Lying Alternate Toe Touch Floor
Lying Alternate Toe Touch Floor is a bodyweight floor drill for the abdominals and hip flexors that builds trunk control through alternating reach patterns. The exercise starts from a supine position, so the floor gives you immediate feedback: if your ribs flare or your low back arches, the rep gets harder to control. That makes it useful for teaching clean core tension instead of relying on momentum.
The movement is best thought of as a small crunch paired with an alternating toe reach. One shoulder blade comes off the floor just enough for the hand to travel toward the lifted foot, then you switch sides without losing the brace. The goal is not to yank yourself up or swing the legs; it is to keep the torso organized while the opposite arm and leg take turns moving.
Setup matters because this pattern exposes poor positioning quickly. If you start with your hips too tight, your neck overactive, or your lower back lifted off the floor, the exercise turns into a sloppy hip-flexor exercise instead of a controlled trunk drill. A good setup keeps the pelvis steady, the chin relaxed, and the reach small enough that you can repeat it cleanly.
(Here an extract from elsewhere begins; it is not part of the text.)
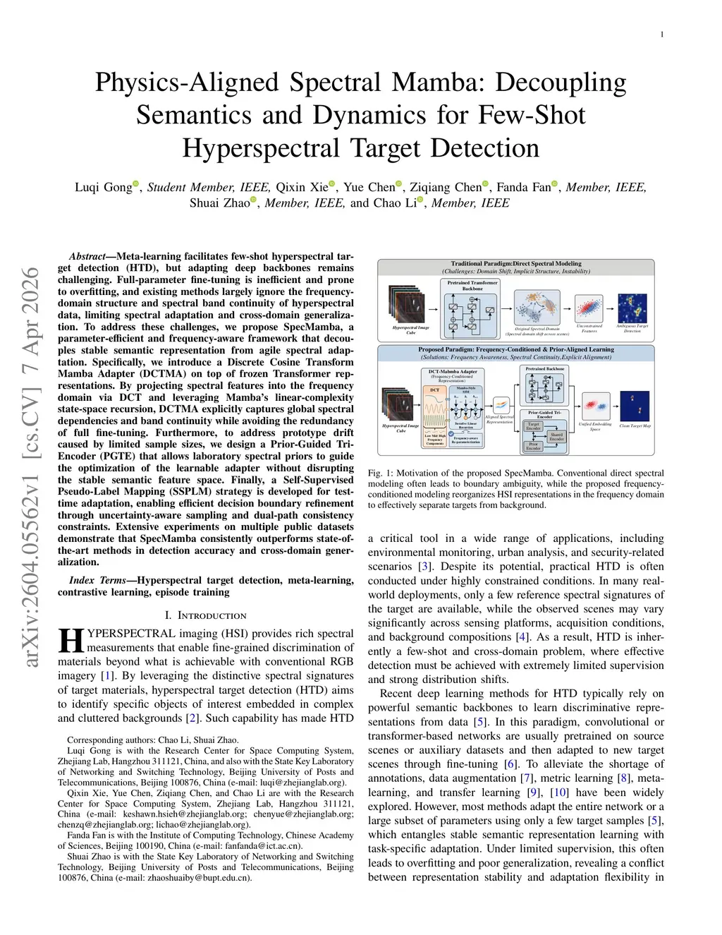 Meta-learning facilitates few-shot hyperspectral target detection (HTD), but adapting deep backbones remains challenging. Full-parameter fine-tuning is inefficient and prone to overfitting, and existing methods largely ignore the frequency-domain structure and spectral band continuity of hyperspectral data, limiting spectral adaptation and cross-domainthis http URLaddress these challenges, we propose SpecMamba, a parameter-efficient and frequency-aware framework that decouples stable semantic representation from agile spectral adaptation. Specifically, we introduce a Discrete Cosine Transform Mamba Adapter (DCTMA) on top of frozen Transformer representations. By projecting spectral features into the frequency domain via DCT and leveraging Mamba's linear-complexity state-space recursion, DCTMA explicitly captures global spectral dependencies and band continuity while avoiding the redundancy of full fine-tuning. Furthermore, to address prototype drift caused by limited sample sizes, we design a Prior-Guided Tri-Encoder (PGTE) that allows laboratory spectral priors to guide the optimization of the learnable adapter without disrupting the stable semantic feature space. Finally, a Self-Supervised Pseudo-Label Mapping (SSPLM) strategy is developed for test-time adaptation, enabling efficient decision boundary refinement through uncertainty-aware sampling and dual-path consistency constraints. Extensive experiments on multiple public datasets demonstrate that SpecMamba consistently outperforms state-of-the-art methods in detection accuracy and cross-domain generalization.

Use the floor as a reference point for every rep. Exhale as you reach, keep the non-working shoulder relaxed, and lower with control before switching sides. A slower tempo usually produces a better training effect than racing through touches, especially if your goal is abdominal endurance, coordination, or warm-up work before heavier training.
This exercise fits well in core circuits, warm-ups, conditioning blocks, or accessory work when you want a bodyweight movement that challenges control more than brute strength. Beginners can use a shorter range, bent knees, or slower alternating reps. If your lower back starts to arch or your neck takes over, reduce the lever length and keep the rep quality high.
Instructions
- Lie on your back on the floor with your knees bent and your feet lifted or lightly hovering, then reach both arms upward.
- Press your lower back gently into the floor and keep your ribs stacked before the first rep starts.
- Brace your abs, then lift one shoulder blade just enough to reach one hand toward the opposite lifted foot.
- Keep the other shoulder relaxed on the floor while the reaching hand tracks straight toward the toe.
- Lower the reaching shoulder under control until your upper back is nearly flat again.
- Switch sides and repeat the same reach on the other leg without jerking the torso.
- Keep the movement smooth and alternating rather than bouncing from side to side.
- Continue for the planned number of alternating touches, then lower both shoulders and feet with control.
Tips & Tricks
- Keep your lower back heavy on the floor; if it starts arching, shorten the reach instead of forcing the touch.
- Think of lifting the shoulder blade, not sitting all the way up.
- Reach with the hand and ribs together so the neck does not yank the rep upward.
- Exhale on each toe touch to help you keep the brace and avoid rib flare.
- If your hip flexors take over, bend the knees more and reduce the lever length.
- Move slowly enough that each side looks the same; speed usually turns this into a swing.
- Keep the non-reaching arm quiet so the trunk does not twist more than necessary.
- Touch the toe only as far as you can while keeping the opposite shoulder relaxed and the pelvis still.
Frequently Asked Questions
What does Lying Alternate Toe Touch Floor train?
It mainly trains the abdominals and hip flexors, with the obliques and deep core muscles working to keep the torso organized.
Do I need to lift my shoulders off the floor on every rep?
Only enough to reach the toe. A small crunch is the goal; a full sit-up usually makes the movement sloppy.
How should my legs be positioned?
Keep the knees bent and the feet lifted or lightly hovering so you can alternate reaches without losing low-back contact.
Why does my neck get tired first?
That usually means you are pulling the head and shoulders up instead of keeping the reach small and the chin relaxed.
Can beginners do this exercise?
Yes. Beginners should use a shorter range, slower tempo, and bent knees until the low back stays flat the whole time.
What is the biggest form mistake?
Letting the lower back arch off the floor or swinging from side to side instead of alternating under control.
How can I make the exercise harder?
Straighten the legs more, slow the lowering phase, or pause briefly at each toe touch while keeping the brace.
Where does this fit in a workout?
It works well in a core circuit, warm-up, or accessory block when you want trunk control without external load.